Enrolado com Cachoeira
Firme no cargo após pedir a um comparsa de Cachoeira, que está preso, o apoio do senador Demóstenes Torres à campanha de Dilma, o subchefe de Assuntos Federativos da Secretaria de Relações Institucionais, Olavo Noleto, tem uma boquinha de quase R$ 10 mil no conselho de administração da Transpetro. Dilma fez comício com Lula em Goiânia, em 2010. Poderia ter pedido direto ao ex-senador do DEM.

Honra ao mérito
Ex-tesoureiro da UNE, Olavo Noleto ganhou do governo goiano a medalha de “Grande Oficial” e, da Assembleia, o “mérito legislativo”.

Democracia animal
A CPI do Cachoeira deveria se chamar “Para Todos”, a origem do jogo do bicho. Aliás, ontem deu 6, cabra, nos blogs “especializados”.

Força na peruca
Lula se disse “de cabelo em pé” com o escândalo Cachoeira. Ué, ele não está careca?
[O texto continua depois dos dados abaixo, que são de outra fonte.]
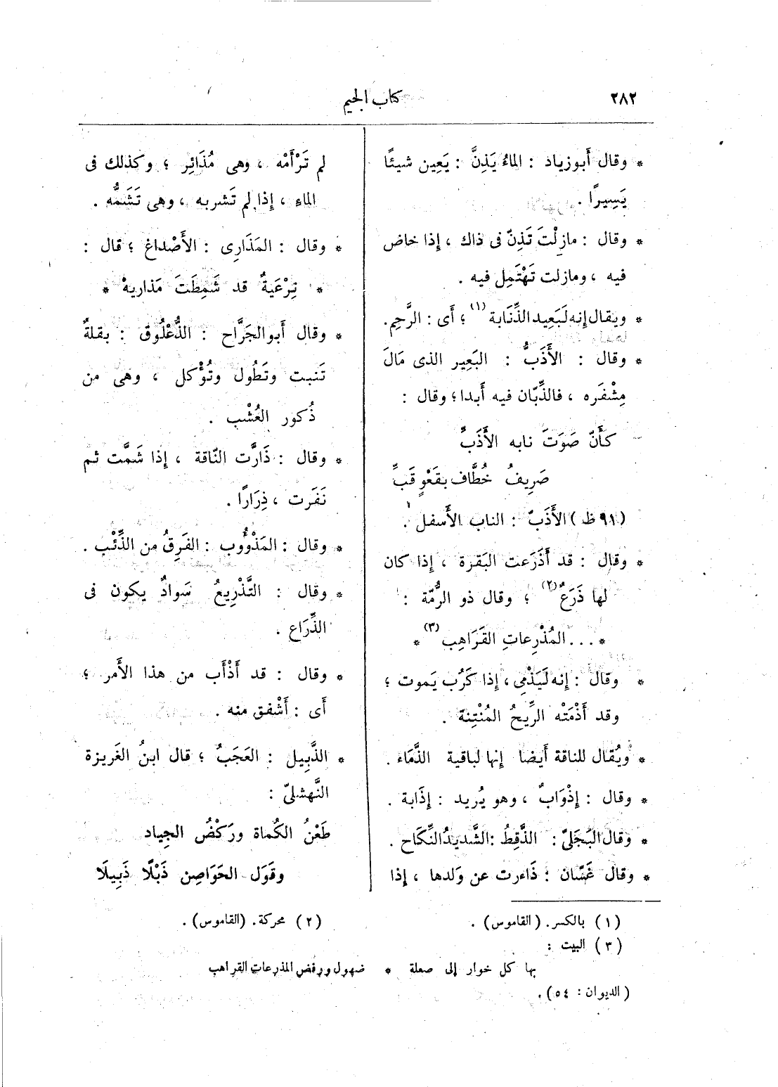 وقال غسان: ذاءرت عن ولدها، إذا لم ترأمه، وهي مذائر؛ كذلك في الماء، إذا لم تشربه، وهي تشمه.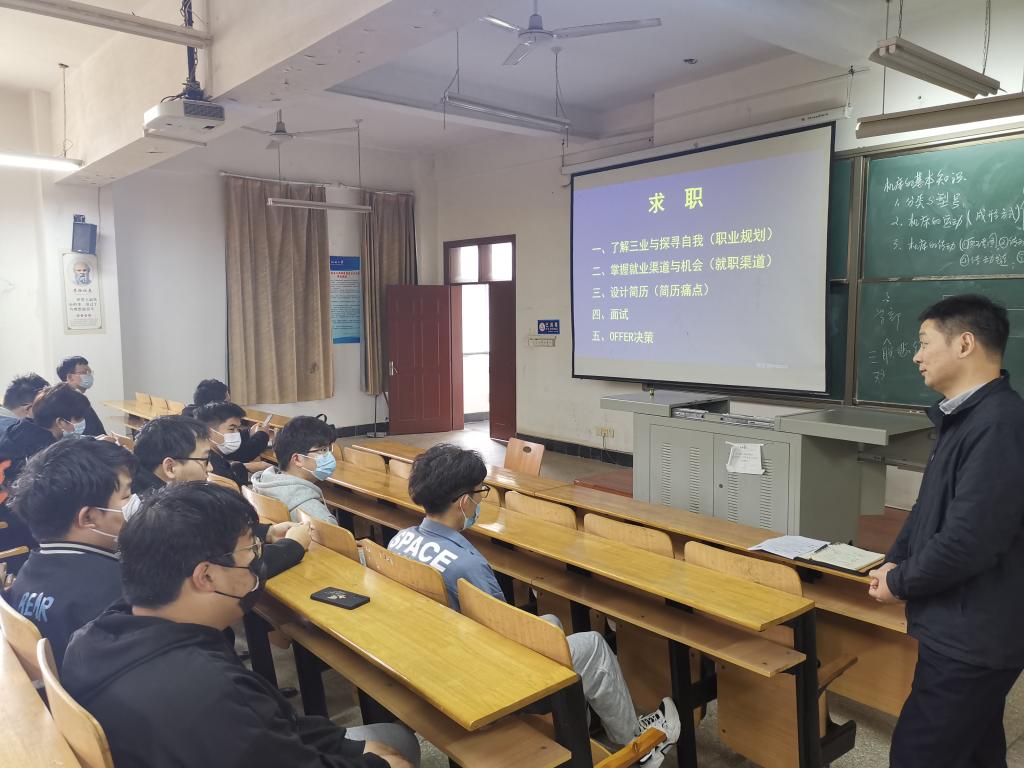 在就业再动员与辅导会上,余院长强调,要先就业再择业,要积极投简历,把找工作签约的主动权掌握在自己的手里。并以两弹一星科学家和部分校友为例讲述了加强学习、不断学习、终身学习的重要性。并从面试的注意事项做了重点讲解,提醒同学们以扎实的专业能力、良好的精神面貌等来征服企业招聘人员。

Governo quer blindar Ideli
O Planalto tenta impedir o depoimento de Ideli Salvatti na Comissão de Fiscalização e Controle da Câmara, para explicar suas relações com a Intech Boating, financiadora de sua campanha que ganhou contrato de R$ 31 milhões pela venda de 28 lanchas quando era ministra da Pesca.

‘Por que só eu?’
A convocação de Ideli foi articulada por partidos descontentes com ela e o governo: PR, PP e parcela do PT e do PMDB. Ideli ficou desolada e perguntava por que pouparam Alexandre Padilha (Saúde), e ela não.

Filigrana
O líder do PMDB, Henrique Alves (RN), tenta transformar a convocação de Ideli em convite. Sandro Mabel (PMDB-GO) não vê razão para poupar ministro: “O Parlamento tem de ser respeitado, aqui ninguém morde”.

PAC da Mobilidade…
O senador Gim Argello (PTB-DF) comemora o êxito de sua articulação junto ao Governo Federal: na próxima semana será lançado o PAC da Mobilidade de Brasília, com R$ 2,4 bilhões aplicados em transportes.

...muda face do DF
O PAC da Mobilidade prevê a implantação em Brasília de veí-culos leves sobre trilhos (VLT) e sobre pneus (VLP), expansão das linhas de metrô, estação de metrô na Asa Norte e um túnel em Taguatinga.

Mala mineira
O presidente do Peru, Ollanta Umala, faz demagogia até na desgraça alheia: diante do túnel, na TV, atribuiu o desabamento da mina clandestina no sul aos dirigentes do país que vieram antes dele.

Bate e volta
O deputado e delegado da PF licenciado, Protógenes Queiroz (PCdoB/SP), pediu à Procuradoria-Geral da República informações sobre seu suposto envolvimento com a turma de Carlinhos Cachoeira. No Twitter, culpou a “imprensa golpista” por mostrar conversas “fora do contexto”.

Por nossa conta
O carro oficial do governador do Amapá, um Renault Megane, placa preta, estava estacionado hoje pelas 11h, ontem, na QI 26 do Lago Sul, em Brasília onde funcionaria um escritório de advocacia.

Pensando bem…
…é melhor esquecer que amanhã é sexta-feira 13.

PODER SEM PUDOR
Manhas do Malvadeza
O jornalista Luiz Cláudio Cunha entrevistava ACM, então governador da Bahia, para um perfil na revis-ta Playboy que ganharia um título magnífico, inspirado no filme do baiano em Glauber Rocha: “Deus e o Diabo na terra do Sol”. O almoço estava no final quando o telefone tocou. Era Clóvis Rossi, da Folha. ACM não queria deixar de atender, tampouco falar. Ele já havia parado de comer, mas meteu uma garfada na boca e pegou o telefone:
– Aô, bubo bem? – disse, de boca cheia.
Constrangido, Rossi se desculpou pela interrupção do almoço e desligou.